TASK REQUIREMENTS: Your task is to repeat the entries exactly. Leave the pictures out.

THE DATA:
★ ★ ★ ★ ★

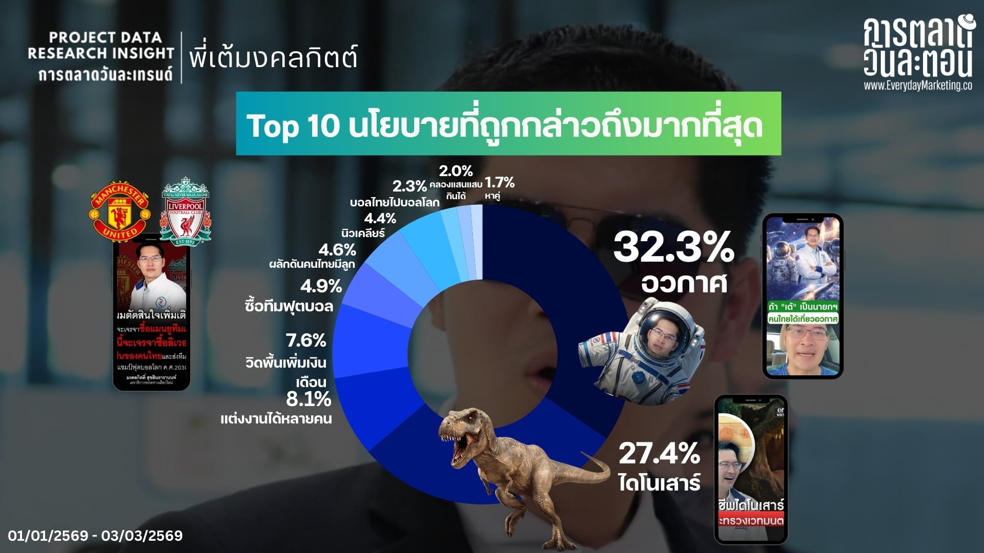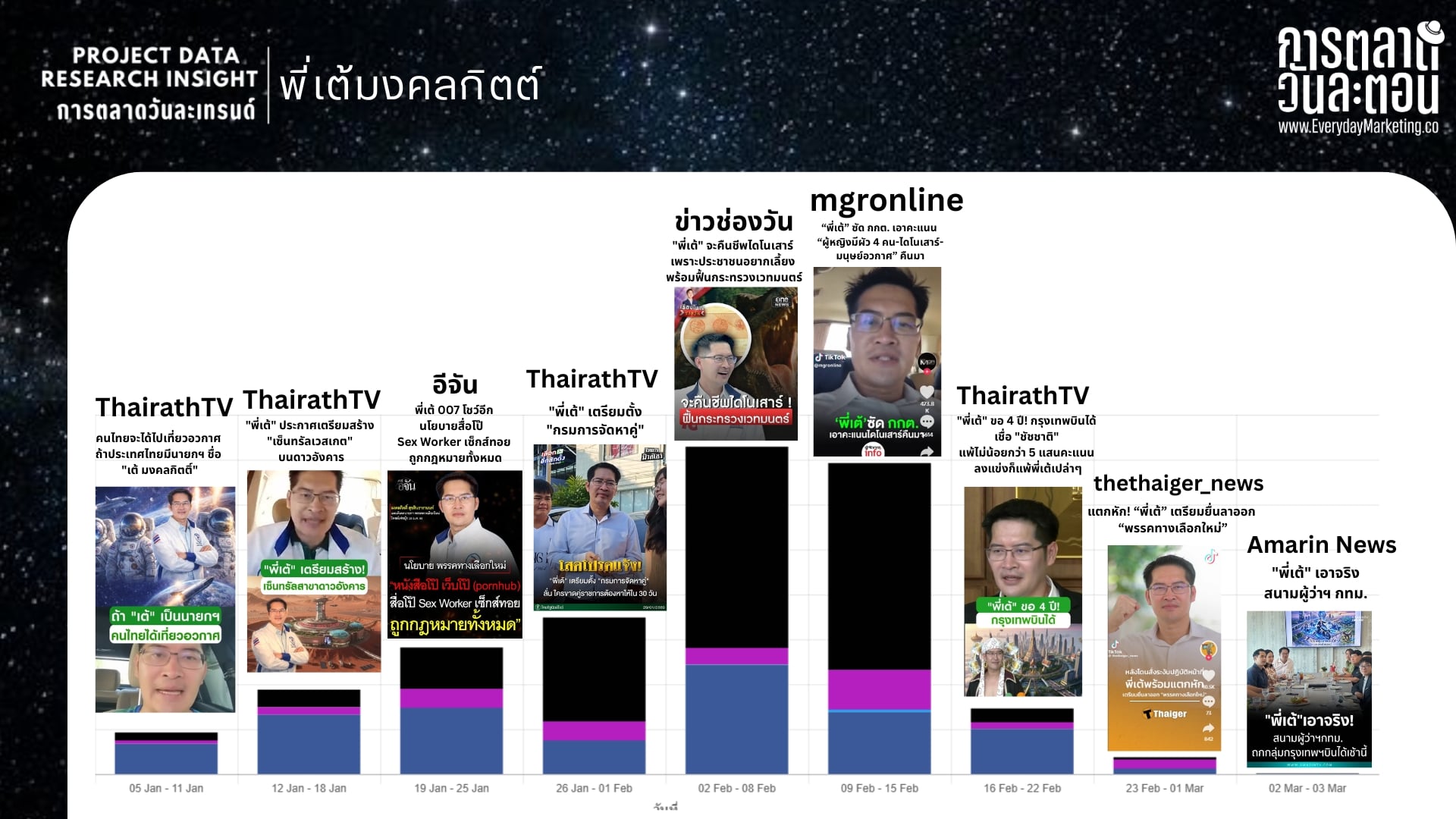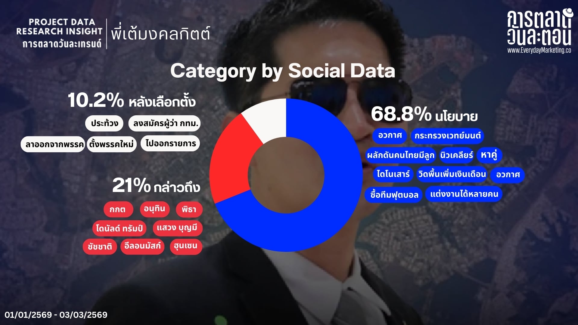 นโยบาย ถูกพูดถึงมากที่สุด 68.8% โดยมี อวกาศ ครองอันดับ 1 ด้วยสัดส่วน 32.3% ตามมาด้วย ไดโนเสาร์ 27.4% และ แต่งงานได้หลายคน 8.1% ซึ่งตอกย้ำว่าความแปลกใหม่และแฟนตาซีสุดล้ำเป็นจุดดึงดูดหลักในการสร้างกระแสไวรัล ส่วน บุคคลที่ถูกกล่าวถึงคู่กัน อยู่ที่ 21% โดย กกต ถูกพูดถึงมากที่สุด 53.23% ตามมาด้วย แสวง บุญมี 14.12% และ พิธา 7.97% แสดงให้เห็นถึงบทบาทของคู่กรณีทางการเมืองที่ช่วยเป็นตัวจุดชนวนความเดือดและขยายกระแสผ่านคาแรคเตอร์สายชนของพี่เต้ครับ
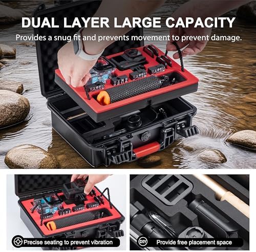 - 【Double Lined Design】Optimize storage for Insta360 ACE Pro 2 accessories with our double-layered case. The top layer fits 1 camera, 4 batteries, 1 charger hub, and 1 selfie stick (max 9.25"). The bottom holds handles, tripod, dive case, reader, mount, and more.
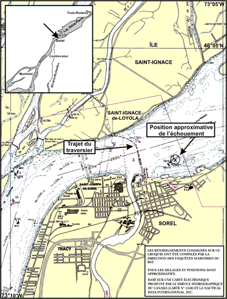 Quand le personnel navigant surveille les radars, tous deux réglés sur l'échelle de 1,5 mille marin, les échos de la rive se déplacent rapidement, formant une image brouillée qui empêche le personnel navigant de déterminer la position du navire. Sans indices visuels et incapables d'interpréter l'information radar en raison de l'image brouillée produite par l'embardée, le capitaine et l'officier de pont utilisent l'affichage du GPS, qui change continuellement, pour avoir une idée de la vitesse du navire. Pendant qu'on essaie d'arrêter le navire en se guidant par cet instrument de navigation, la vigie signale la présence de bouées à l'avant. Le capitaine manoeuvre pour éviter les bouées et, peu après, vers 5 h 45, le navire s'échoue par 46°03′08″;N, 073°06′09″W, sur un cap gyroscopique de 168° (voir la figure 1 et l'annexe A).
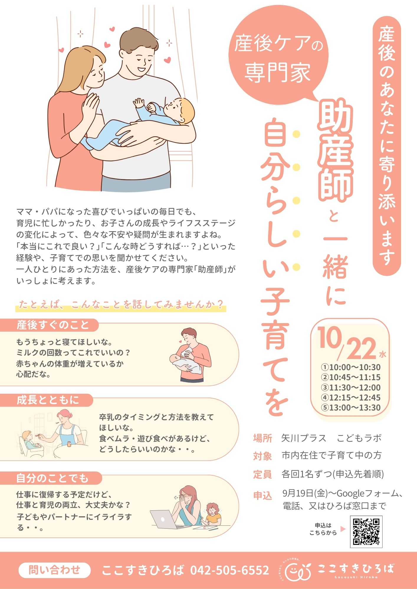 申込期間 | 9月19日(金)~Googleフォーム、電話(042-505-6552)またはここすきひろばの窓口までお申し込みください。 |
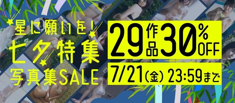 こんな夜こそグラビアを。現在、【週プレ グラジャパ!】では「星に願いを 七夕特集」を開催中です。名前に「七(なな)」「織」「姫」「星」など、七夕にまつわる漢字が入っているモデルのデジタル写真集29作品をピックアップ。期間限定で30%OFF SALEしています。期間は、7月7日(金)から7月21日(金) まで。

★ ★ ★ ★ ★

RESULT FOR THIS EXERCISE:
 นโยบาย ถูกพูดถึงมากที่สุด 68.8% โดยมี อวกาศ ครองอันดับ 1 ด้วยสัดส่วน 32.3% ตามมาด้วย ไดโนเสาร์ 27.4% และ แต่งงานได้หลายคน 8.1% ซึ่งตอกย้ำว่าความแปลกใหม่และแฟนตาซีสุดล้ำเป็นจุดดึงดูดหลักในการสร้างกระแสไวรัล ส่วน บุคคลที่ถูกกล่าวถึงคู่กัน อยู่ที่ 21% โดย กกต ถูกพูดถึงมากที่สุด 53.23% ตามมาด้วย แสวง บุญมี 14.12% และ พิธา 7.97% แสดงให้เห็นถึงบทบาทของคู่กรณีทางการเมืองที่ช่วยเป็นตัวจุดชนวนความเดือดและขยายกระแสผ่านคาแรคเตอร์สายชนของพี่เต้ครับ
 - 【Double Lined Design】Optimize storage for Insta360 ACE Pro 2 accessories with our double-layered case. The top layer fits 1 camera, 4 batteries, 1 charger hub, and 1 selfie stick (max 9.25"). The bottom holds handles, tripod, dive case, reader, mount, and more.
 Quand le personnel navigant surveille les radars, tous deux réglés sur l'échelle de 1,5 mille marin, les échos de la rive se déplacent rapidement, formant une image brouillée qui empêche le personnel navigant de déterminer la position du navire. Sans indices visuels et incapables d'interpréter l'information radar en raison de l'image brouillée produite par l'embardée, le capitaine et l'officier de pont utilisent l'affichage du GPS, qui change continuellement, pour avoir une idée de la vitesse du navire. Pendant qu'on essaie d'arrêter le navire en se guidant par cet instrument de navigation, la vigie signale la présence de bouées à l'avant. Le capitaine manoeuvre pour éviter les bouées et, peu après, vers 5 h 45, le navire s'échoue par 46°03′08″;N, 073°06′09″W, sur un cap gyroscopique de 168° (voir la figure 1 et l'annexe A).
 申込期間 | 9月19日(金)~Googleフォーム、電話(042-505-6552)またはここすきひろばの窓口までお申し込みください。 |
 こんな夜こそグラビアを。現在、【週プレ グラジャパ!】では「星に願いを 七夕特集」を開催中です。名前に「七(なな)」「織」「姫」「星」など、七夕にまつわる漢字が入っているモデルのデジタル写真集29作品をピックアップ。期間限定で30%OFF SALEしています。期間は、7月7日(金)から7月21日(金) まで。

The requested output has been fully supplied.